Eine schlagkräftige politische Opposition ist gegenwärtig nicht erkennbar. Woran liegt das?

Es gibt eine Opposition im Iran, einige Protagonist*innen sind weltweit bekannt. Viele von ihnen befinden sich allerdings in Haft. Im Ausland gibt es einige iranische Oppositionsgruppen, doch nur wenige von ihnen finden wirklich Gehör. 

Medien im Iran: Die staatliche Propaganda erzielt kaum noch Wirkung

Im Staatsfernsehen verbreitet das Regime seine Sicht auf die Dinge. Dort sieht man vor allem Kundgebungen von Regimeunterstützer*innen. Wie verfängt diese mediale Vorherrschaft bei den Iraner*innen und wie lässt sie sich brechen?

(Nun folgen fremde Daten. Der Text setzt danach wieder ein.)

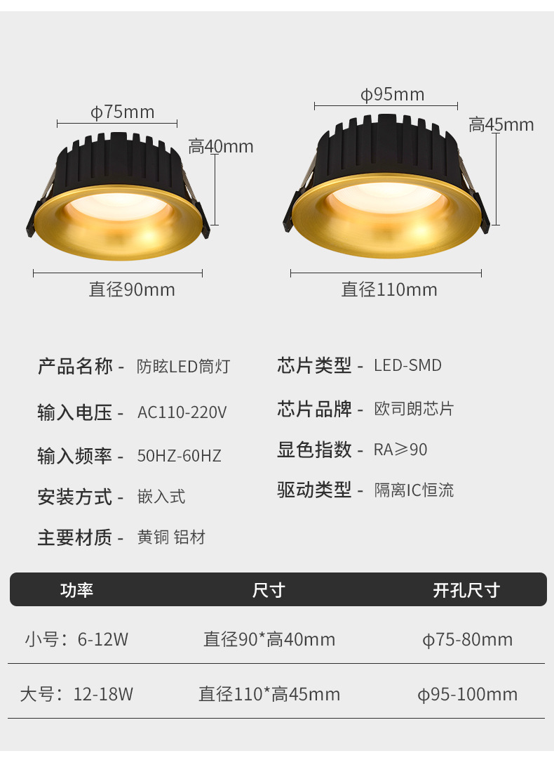 クロスボーダー全銅ダウンライト現代シンプルled埋め込み式ホームライトリビングルーム天井灯高顕通路玄関灯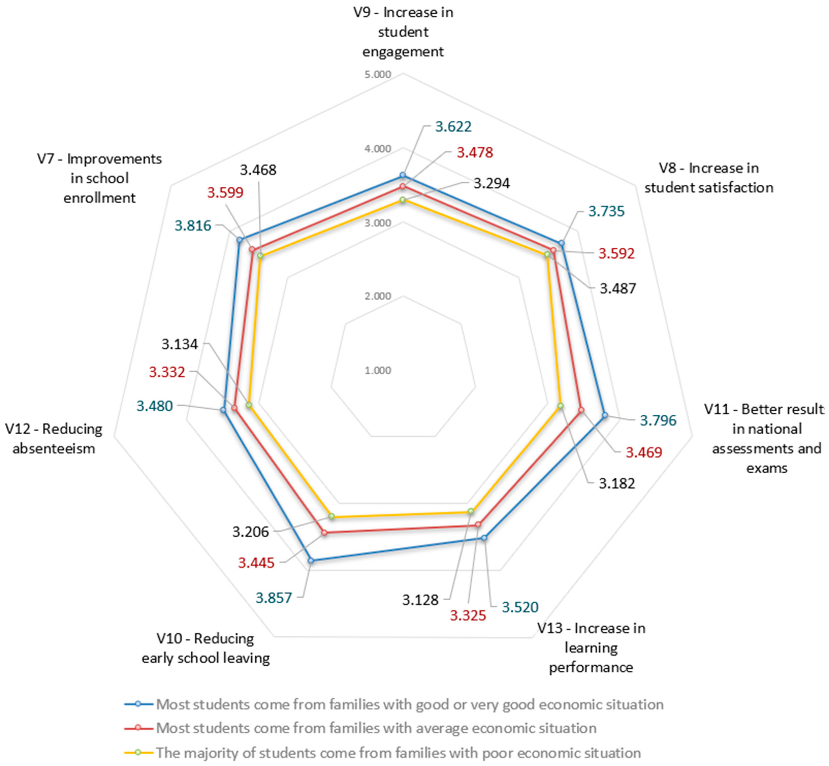 V9—Increase in student engagement | Most students come from families with good or very good economic situation | 98 | 3.622 | 1.06988 |

Die breite Mehrheit der Iraner*innen nutzt andere Kanäle, um sich zu informieren. Gegenwärtig gehen Tausende Menschen in verschiedenen Teilen des Landes auf die Straße. Auch in den Vorjahren gab es immer wieder Protestwellen. Das zeigt, dass die staatliche Propaganda kaum noch Wirkung erzielt. Im Ausland gibt es sehr viele iranische Sender und andere Medien, die zum Teil unabhängig sind oder Oppositionellen gehören. Viele davon sind auf öffentliche Förderung angewiesen. Leider wurden in den USA oder der EU in letzter Zeit viele Projektmittel gestrichen. 

Ist es noch möglich, vor Ort und frei über regimekritische Kundgebungen zu berichten?

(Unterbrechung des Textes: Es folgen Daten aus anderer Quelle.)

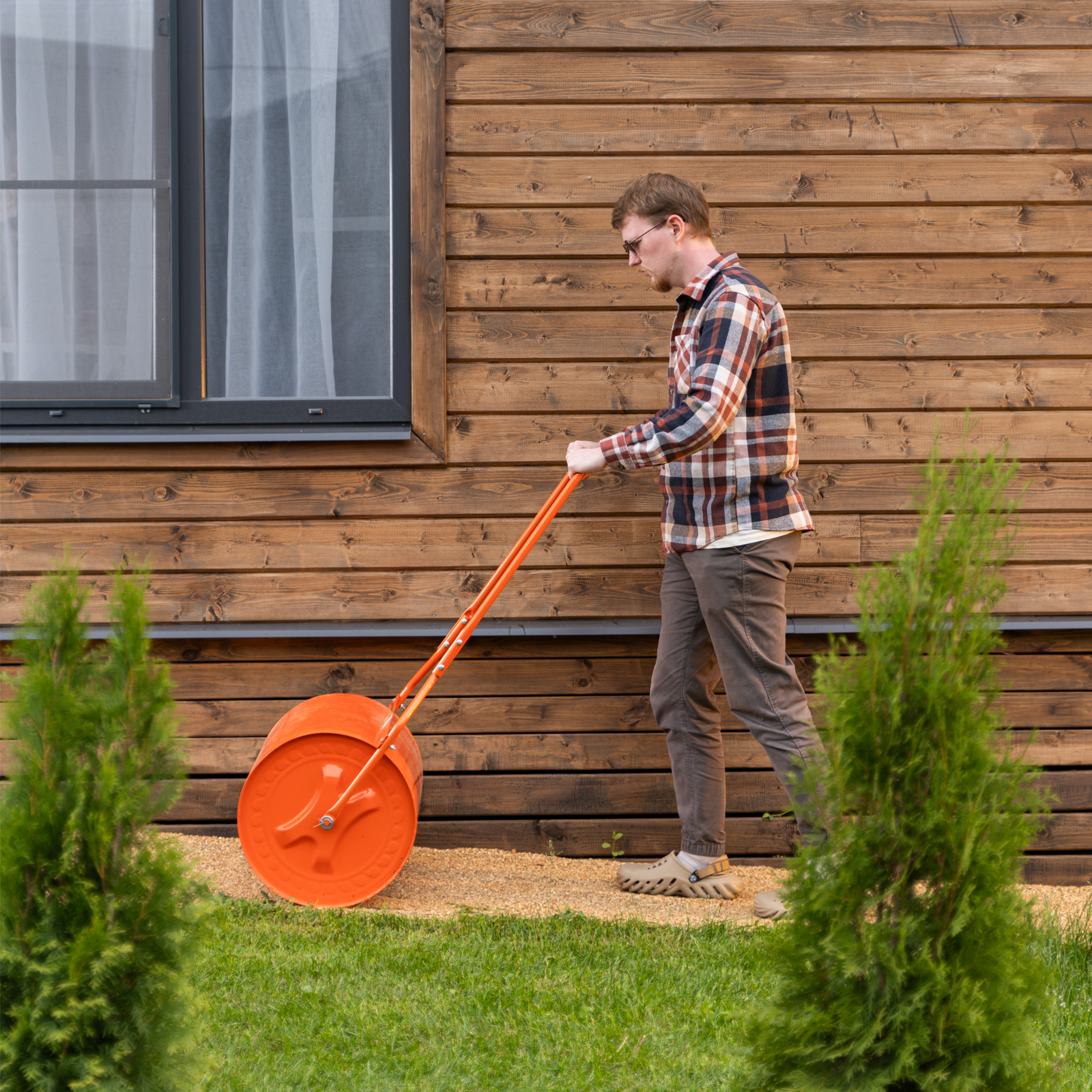 - Комфортная работа — благодаря П-образной рукоятке каток удобно перемещать даже при полной загрузке цилиндра.

Einige relativ unabhängige iranische Medien versuchen es zumindest. Darunter sind Zeitungen, deren Journalist*innen im Zuge der Frau-Leben-Freiheit-Bewegung inhaftiert wurden, weil sie über die damaligen Ereignisse berichtet hatten.

Wegen der Internetsperre dringen kaum Informationen aus dem Land nach außen, auch Anrufe aus dem Ausland waren vorübergehend unmöglich. Wie halten Sie sich auf dem Laufenden?

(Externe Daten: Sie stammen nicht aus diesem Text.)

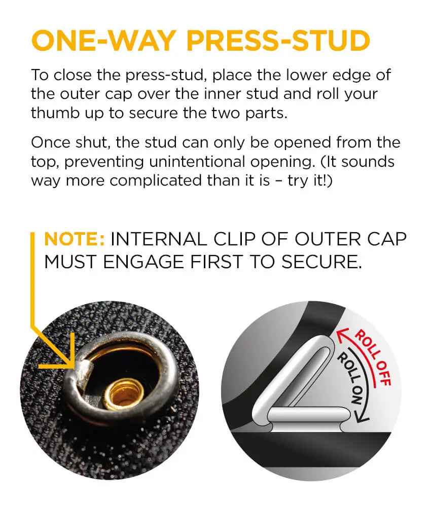 - Press-stud gives secure closure at the gaiter’s base

Ich nutze verschiedene Quellen, etwa unabhängige Medien oder iranische Menschenrechtsorganisationen im Ausland. Gestern war sogar ein direktes Gespräch mit jemandem vor Ort möglich. Ich habe Kontakte in verschiedenen Städten, darunter sind Journalist*innen, Freund*innen und Verwandte.

 

Die Gesprächspartnerin

Negin Behkam wurde in Teheran geboren und arbeitete dort bis 2010 als Journalistin für verschiedene Zeitungen. Einige davon ließ das iranische Regime schließen. Seit 2011 lebt sie in Berlin und ist als Redakteurin tätig.

Das Interview wurde am 15. Januar 2026 geführt.